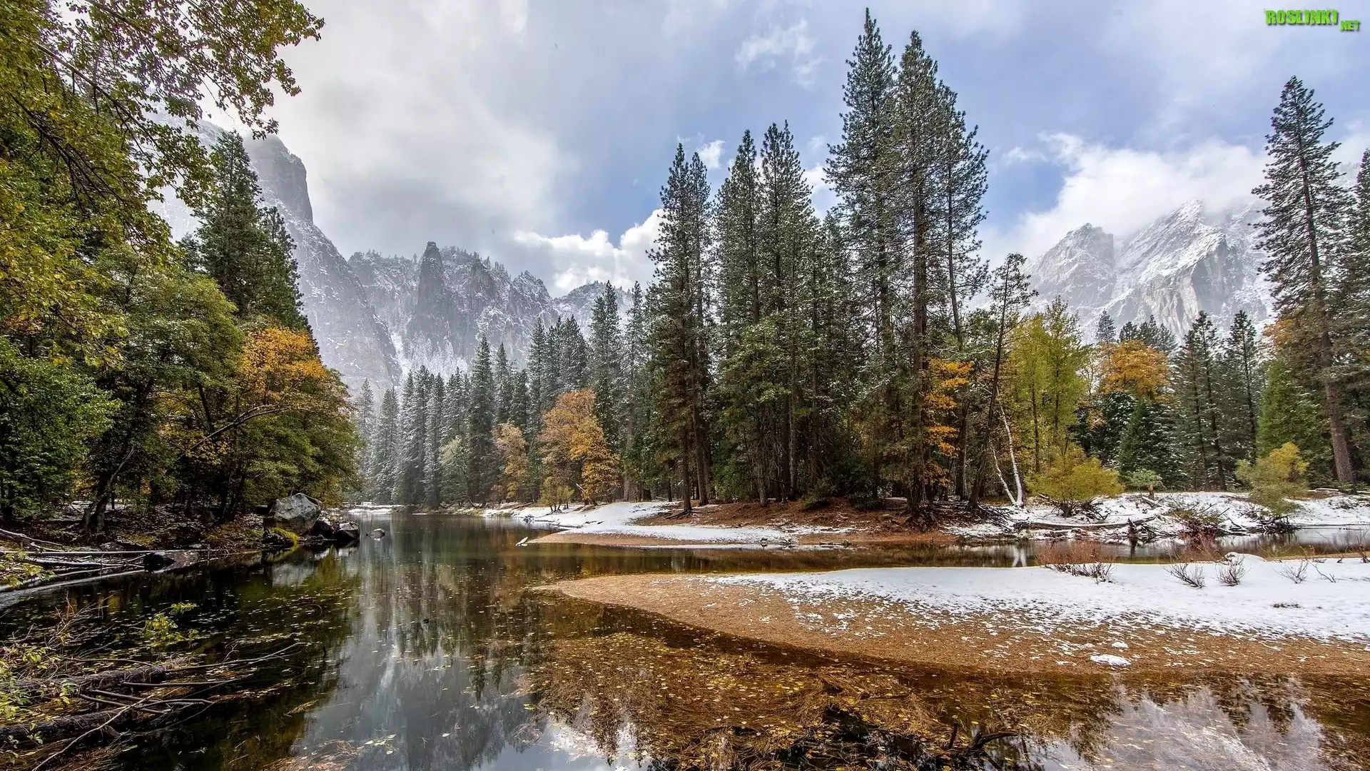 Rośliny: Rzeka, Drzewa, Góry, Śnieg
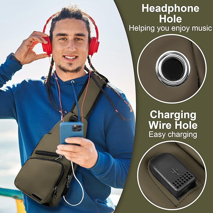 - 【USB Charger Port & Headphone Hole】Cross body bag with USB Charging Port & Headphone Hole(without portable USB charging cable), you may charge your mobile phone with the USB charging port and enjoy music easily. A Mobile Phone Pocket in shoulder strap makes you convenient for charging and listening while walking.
* * * *
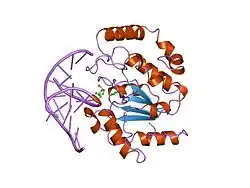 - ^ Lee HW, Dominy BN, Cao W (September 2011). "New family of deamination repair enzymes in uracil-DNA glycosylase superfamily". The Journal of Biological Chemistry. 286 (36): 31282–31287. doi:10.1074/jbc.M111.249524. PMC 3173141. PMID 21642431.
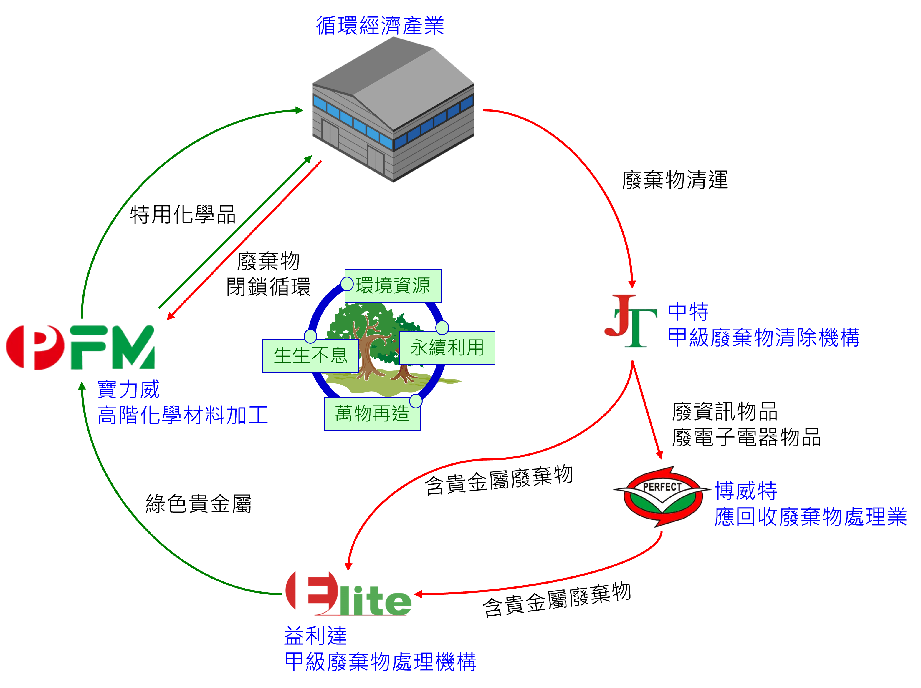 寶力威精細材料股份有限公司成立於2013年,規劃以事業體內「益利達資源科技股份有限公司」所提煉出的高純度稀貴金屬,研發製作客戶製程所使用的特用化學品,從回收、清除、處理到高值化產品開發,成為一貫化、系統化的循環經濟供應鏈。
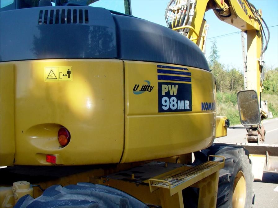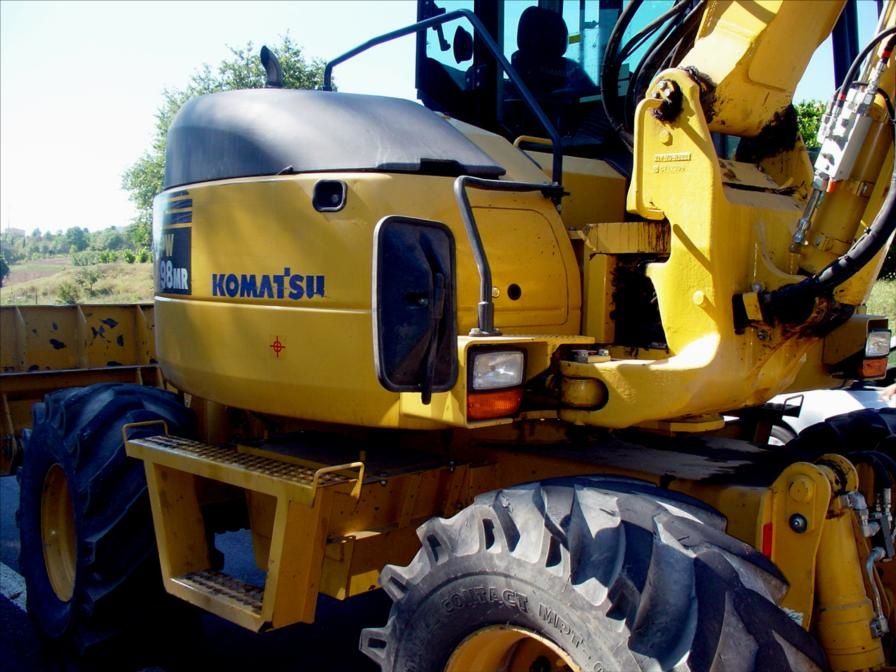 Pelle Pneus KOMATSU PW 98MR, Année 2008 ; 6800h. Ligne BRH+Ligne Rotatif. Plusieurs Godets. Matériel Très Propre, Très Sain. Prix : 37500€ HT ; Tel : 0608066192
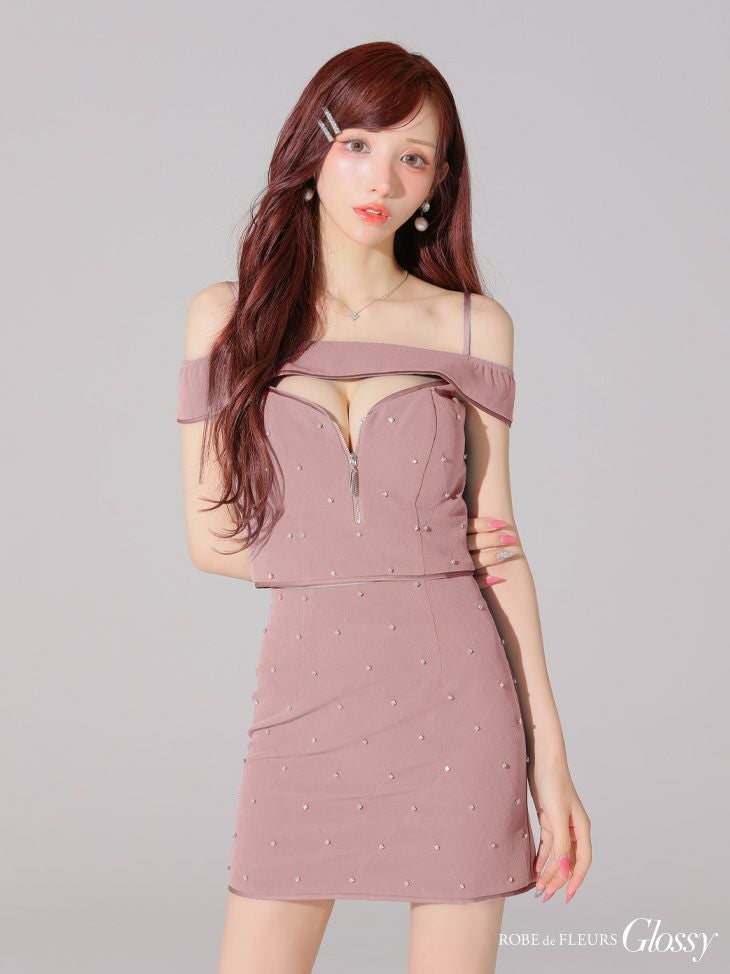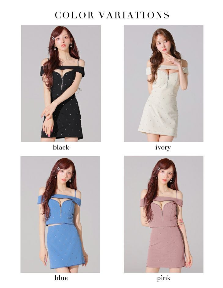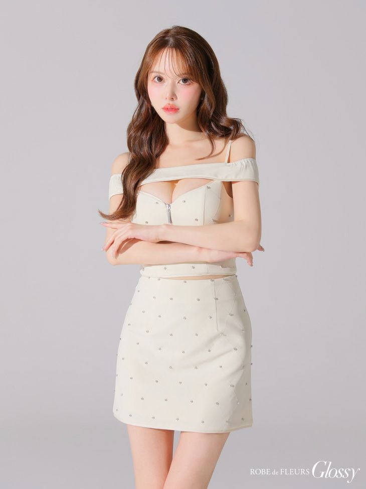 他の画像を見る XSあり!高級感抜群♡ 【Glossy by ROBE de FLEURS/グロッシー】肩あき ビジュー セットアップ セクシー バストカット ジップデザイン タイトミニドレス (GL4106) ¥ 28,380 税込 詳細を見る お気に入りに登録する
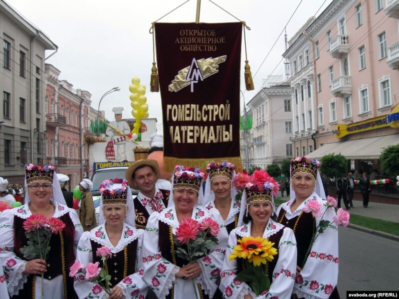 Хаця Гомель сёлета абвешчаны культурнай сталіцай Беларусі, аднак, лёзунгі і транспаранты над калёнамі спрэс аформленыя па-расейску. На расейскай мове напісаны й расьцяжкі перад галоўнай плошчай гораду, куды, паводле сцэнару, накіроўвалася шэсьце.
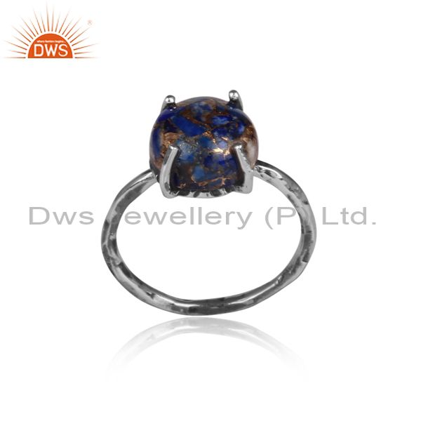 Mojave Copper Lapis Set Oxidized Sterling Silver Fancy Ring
* * * *
Take the entries above and copy exactly the lines starting at the one with "Хаця Гомель сёлета" and ending at the one with "Mojave Copper Lapis"; nothing outside that span, and no pictures.

 Хаця Гомель сёлета абвешчаны культурнай сталіцай Беларусі, аднак, лёзунгі і транспаранты над калёнамі спрэс аформленыя па-расейску. На расейскай мове напісаны й расьцяжкі перад галоўнай плошчай гораду, куды, паводле сцэнару, накіроўвалася шэсьце.
 Mojave Copper Lapis Set Oxidized Sterling Silver Fancy Ring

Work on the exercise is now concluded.